Omission errors are notoriously difficult to discover, throughout all software development, and probably beyond. After all nothing that is there is wrong.

Logic errors often have a domain specific aspect, such that, if you have limited knowledge of the problem domain of the spreadsheet, you have a severely limited chance of discovering a logical error.

This leads me to a couple of thoughts

  • The first, slightly cynically, I wonder how these researchers managed to hit 100% error rates
  • The second, is that good, easy to follow designs and high build quality are key factors in reducing errors rates in commercial spreadsheets.

I do a lot of maintenance and support, often of work that was written by other people. The stuff with a poor design breaks more often, costs an awful lot more to fix when its broken, and costs a lot more to modify for changing business needs.

I do believe therefore that the phrase ‘quality is free’, is true when applied to the lifetime of an important spreadsheet.

cheers

Simon

10 Responses to “Spreadsheet risk”

  1. Dennis Wallentin Says:

    Simon,

    We can agree that it exist a great number of error although I also questioning 100 % of error!

    When You do the maintance work do You notices any differences between solutions created inhouse with solutions created by external consultants?

    In my experience the #2 in the list can be reduced by using a written specification. But this is usually never done in internal projects and only larger corporates use it with external consultants.

    As for the #1 some of it can be reduced via test subprocesses. Again, this is done more frequent in projects where external consultants are involved.

    The list should also include one additional item and that is poor data quality. The phrase “garbish in garbish out” is still valid…

    Kind regards,
    Dennis

  2. Ross Says:

    I remember when I first joined Eusprig there was a discussion about an Excel model used to plan a Nuclear power plant.

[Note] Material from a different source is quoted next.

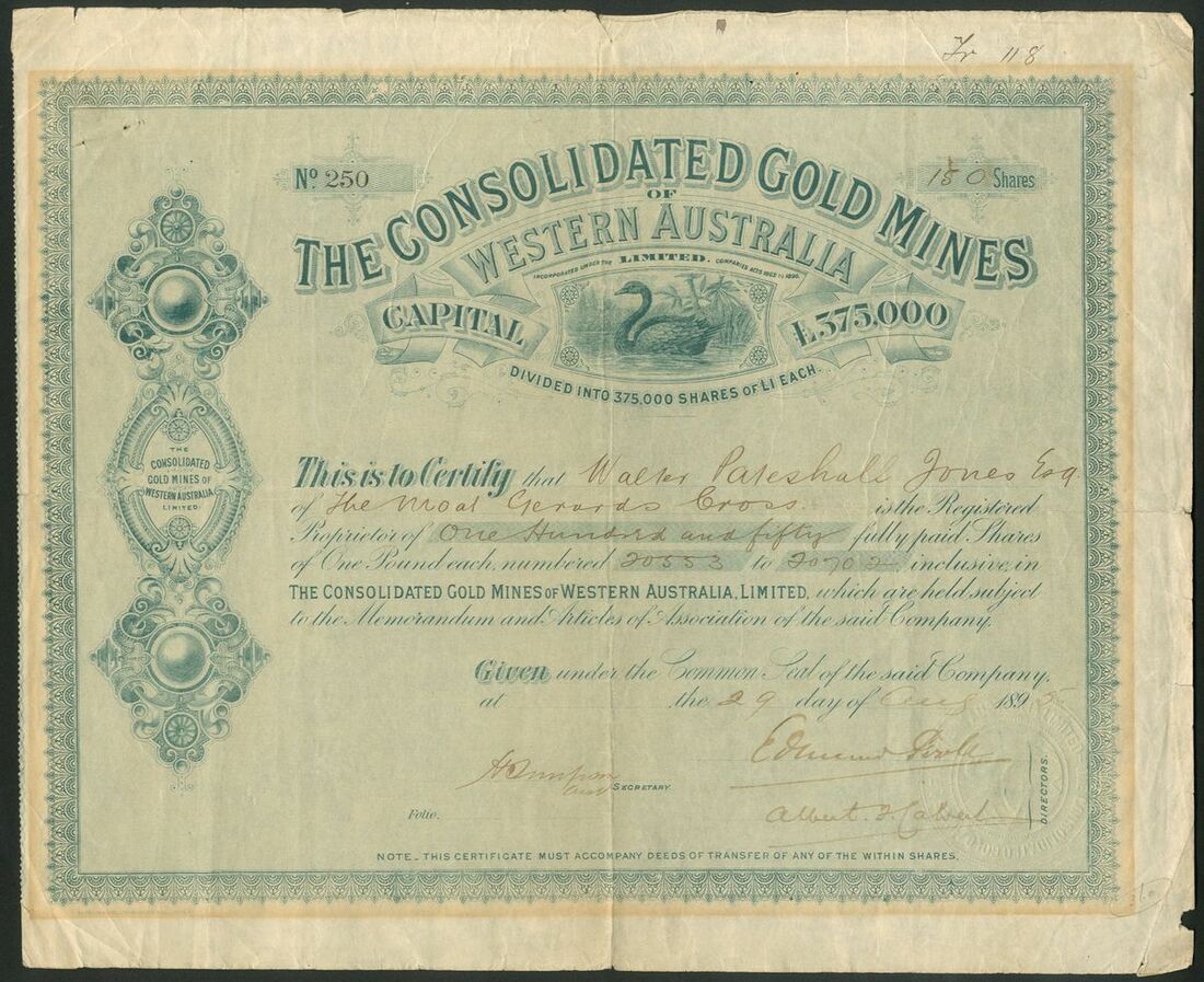 Australia: Consolidated Gold Mines of Western Australia Ltd., £1 shares, fully paid, 189(5), #250, attractive piece with vignette of swan, ornate border and scrollwork, green, printed by Waterlow & Sons. Reconstruction of company of the same name, owning the Coongan mining lease in the Marble Bar District. Also amalgamated with other companies in the area including Nicol Gold Mines and West Mallina Gold Mines. Reconstructed again in 1898. Tide mark from prior framing and a few edge nicks hence low estimate. F-VF.

    People were like, no way, you could never use Excel to do that it’s not robust enough. I made two points.
    1 it was a model, not a control programme.
    2 Any software, Excel, VBA, or C is just a prone to errors as anything else.

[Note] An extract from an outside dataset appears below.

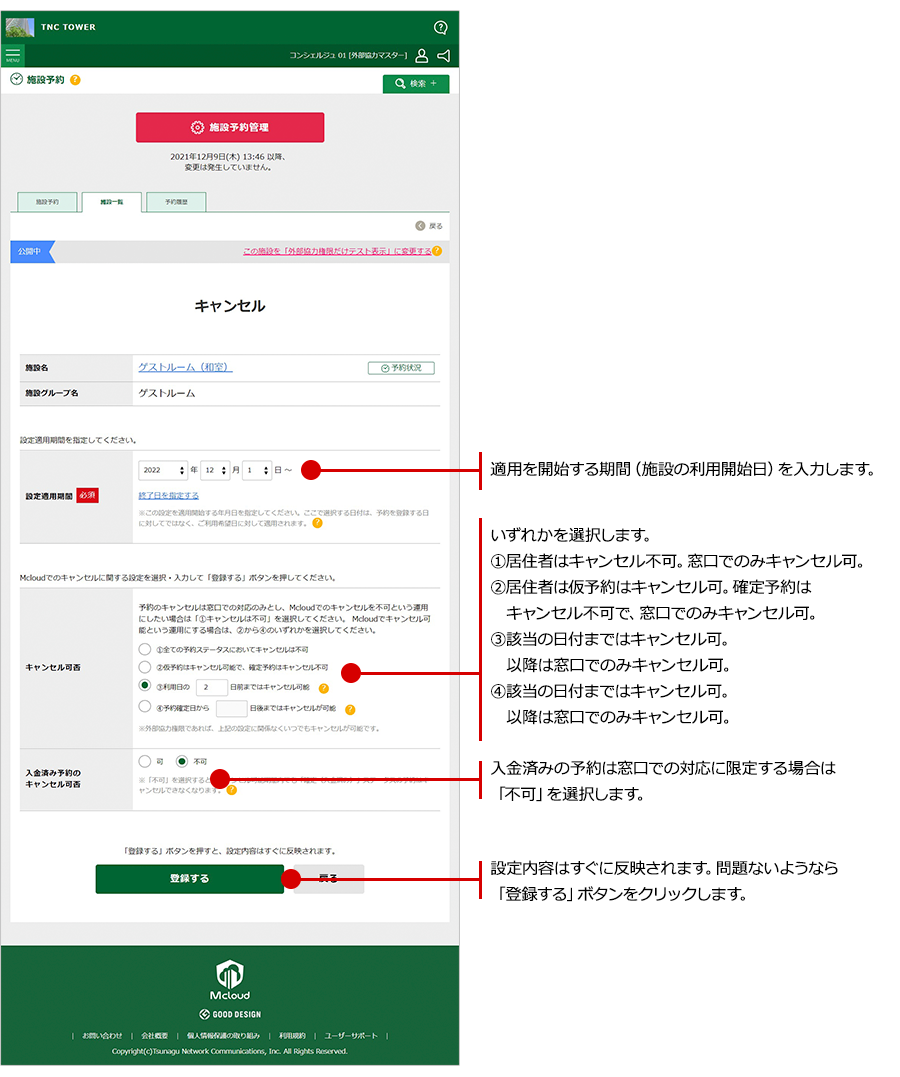 マンション共用施設の居住者権限でのキャンセル可否の設定変更が可能です。

    You may not have the ability to control as many of the errors with VBA/VB as you do with C, but you could make the same argument with C vs machine langue and machine language v’s factions. But more importantly stuff developed with C follows a much might development framework, it’s tested more thoroughly (alpha, beat, black box, white box etc) and it takes much longer too. If spread sheet were developed like this then they could be called C! That’s the point. The problem is not with the SS, the 3 errors above could stand for any code, the real problem is with the use of SS. More over, SS risk has become a big area of interest in recent years due to the value of items they now process and of course Enron!

    Risk is reduced when the decision is made to properly develop a SS, and give it the support it needs to be a quality tool. The major problem is that SS are seen as quick, simple and easy, so the exceptions are to high, Managers don’t think about errors, they think about outputs, and developers/poweruser and keen to try and meet that expectation. The problem is when the error is discovered it’s often too late!

  3. Simon Murphy Says:

    Dennis you are right about data quality being an issue.
    In terms of spreadsheet quality, most of what I see is poor, internal or external, and you are right, it is a lack of any sort of process that is a major cause. I always have a design review of the hand drawn paper based design – whether I am the developer, mentor or customer.

    Ross I made a similar point last year I think, when I sneaked in a mini rant to my presentation. The issue is not technical, its cultural, based on unrealistic expectations of the customer and the would-be developer. There are some specific issues that make spreadsheets more risky than other tools (eg they are designed to be flexible – not robust).
    Its good that Eusprig is focused on the spreadsheets, but we mustn’t forget the other tools and issues.
    cheers
    Simon

  4. Marcus Says:

    The other risk I’ve seen a lot of is versionitis. A business user wants to make their own changes to a spreadsheet so they’ll copy the file and make their amendments – this could be anything from business logic to the colour scheme. Pretty soon there’s multiple version of this spreadsheet model floating around and no-one knows which is the ‘one version of the truth’. I don’t know which risk bucket you’d want to categorise this under.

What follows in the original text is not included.